■ ASSIGNED TASK
The whole listing below is to be copied exactly, with every picture left out.

■ COLLECTED MATERIAL
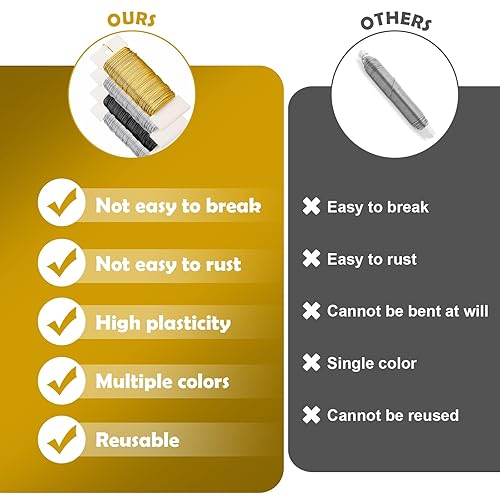 GIBOHOM 4 PCS Fil de Fer Souple Loisir Créatif 50 m X 0,35 mm ø, Durable Résistant à la Rouille et Ternissement, pour Artisanat, Fabrication de Bijoux, Art Floral
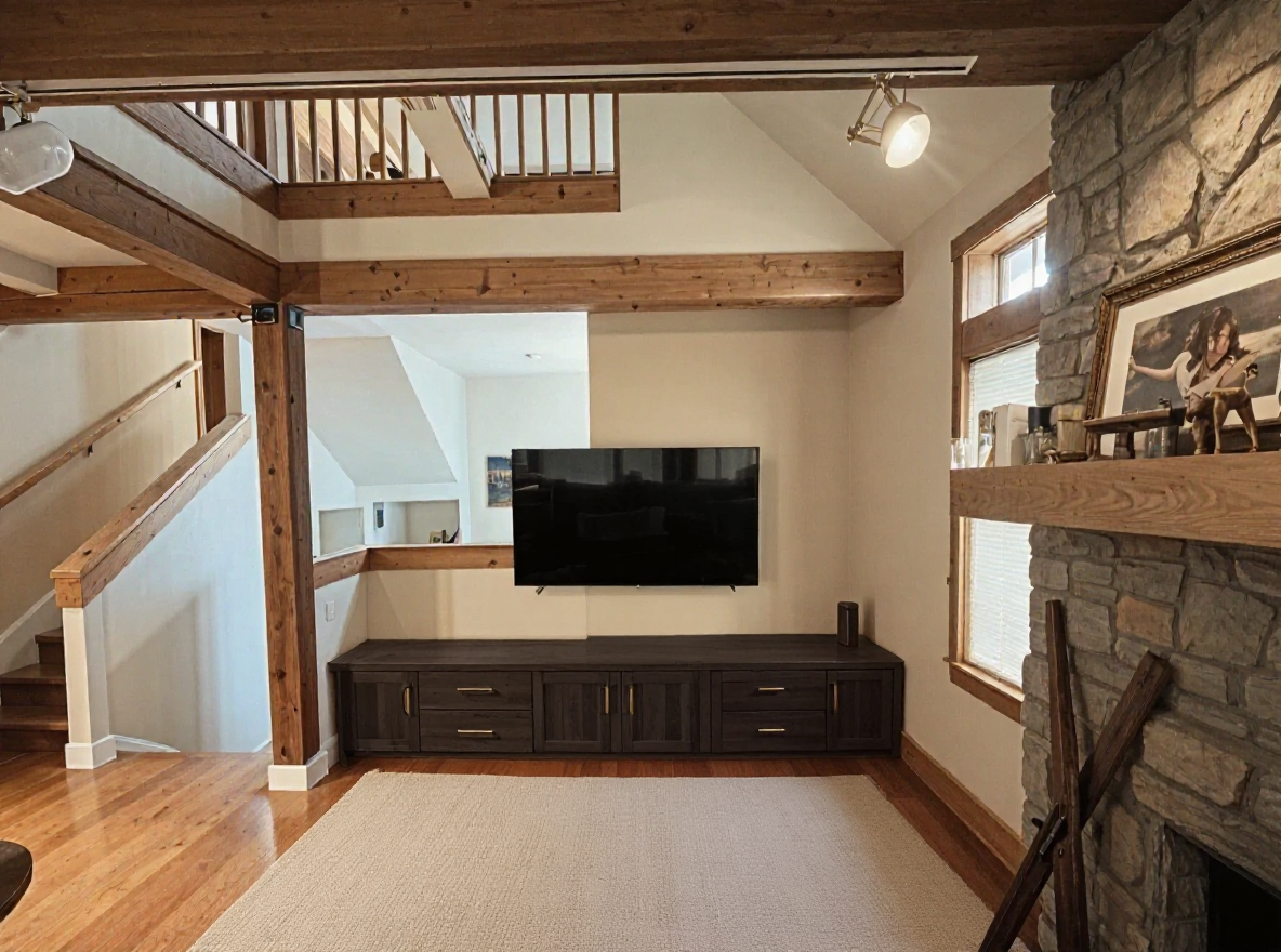 move the tv to the right add to small low back club chairs in a light brown finish
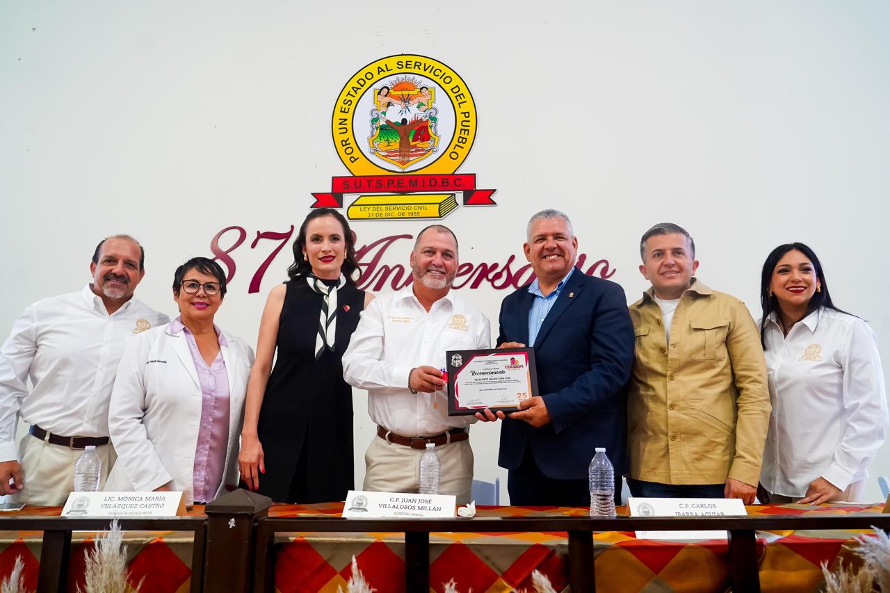 Ensenada, B. C.- Jueves 19 de septiembre de 2024.- Como parte de la Asamblea Solemne del 87 Aniversario del Sindicato de Burócratas de Baja California, el alcalde Carlos Ibarra Aguiar celebró junto al gremio los años de servicio que el personal gubernamental ha cumplido como parte de su carrera laboral en las diferentes dependencias en el Municipio y el Estado.

■ RESULT BELOW
 GIBOHOM 4 PCS Fil de Fer Souple Loisir Créatif 50 m X 0,35 mm ø, Durable Résistant à la Rouille et Ternissement, pour Artisanat, Fabrication de Bijoux, Art Floral
 move the tv to the right add to small low back club chairs in a light brown finish
 Ensenada, B. C.- Jueves 19 de septiembre de 2024.- Como parte de la Asamblea Solemne del 87 Aniversario del Sindicato de Burócratas de Baja California, el alcalde Carlos Ibarra Aguiar celebró junto al gremio los años de servicio que el personal gubernamental ha cumplido como parte de su carrera laboral en las diferentes dependencias en el Municipio y el Estado.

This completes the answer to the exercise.